* [BRIEF] Restate, exactly and without pictures, the lines from the start of the listing below through the line holding "Zweite Klasse: Vögel.".

* [DATA EXCERPTS]
....................

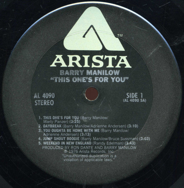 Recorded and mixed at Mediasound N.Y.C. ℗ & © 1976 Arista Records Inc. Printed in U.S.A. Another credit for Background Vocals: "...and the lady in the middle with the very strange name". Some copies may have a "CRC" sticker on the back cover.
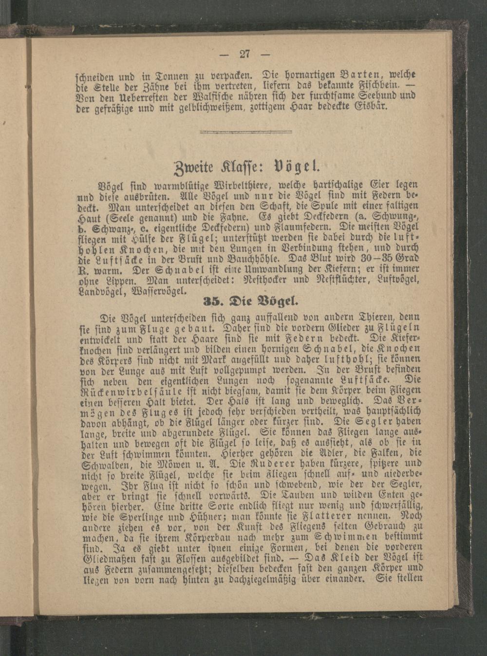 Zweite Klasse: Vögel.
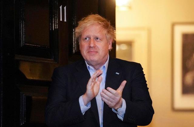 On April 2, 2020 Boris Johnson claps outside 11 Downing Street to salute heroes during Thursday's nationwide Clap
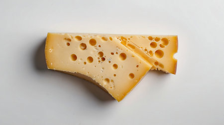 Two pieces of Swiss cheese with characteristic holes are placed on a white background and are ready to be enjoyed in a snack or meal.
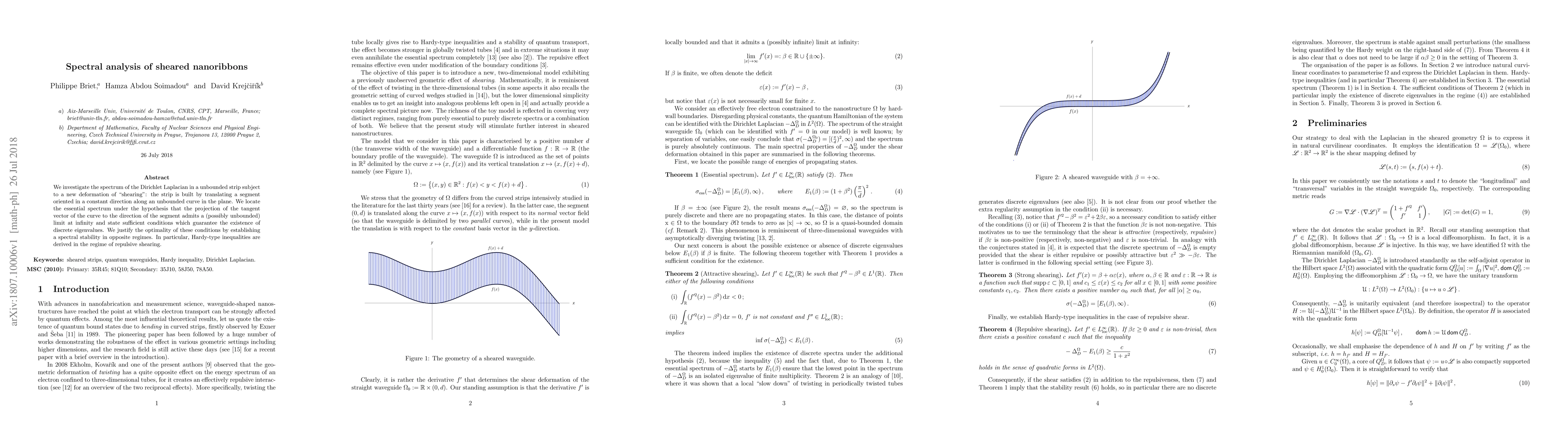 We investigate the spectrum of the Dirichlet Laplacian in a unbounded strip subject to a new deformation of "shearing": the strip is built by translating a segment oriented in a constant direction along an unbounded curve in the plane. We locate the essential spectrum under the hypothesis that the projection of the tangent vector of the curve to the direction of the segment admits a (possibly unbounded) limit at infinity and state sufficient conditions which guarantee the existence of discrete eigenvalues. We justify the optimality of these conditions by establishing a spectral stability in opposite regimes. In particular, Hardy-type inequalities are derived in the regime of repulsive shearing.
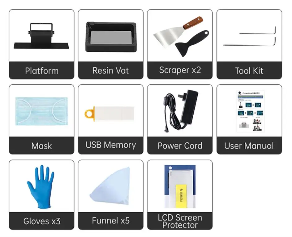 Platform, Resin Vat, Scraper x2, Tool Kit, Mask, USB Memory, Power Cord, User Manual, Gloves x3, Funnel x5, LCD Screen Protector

....................

* [ANSWER TO THE EXERCISE]
 Recorded and mixed at Mediasound N.Y.C. ℗ & © 1976 Arista Records Inc. Printed in U.S.A. Another credit for Background Vocals: "...and the lady in the middle with the very strange name". Some copies may have a "CRC" sticker on the back cover.
 Zweite Klasse: Vögel.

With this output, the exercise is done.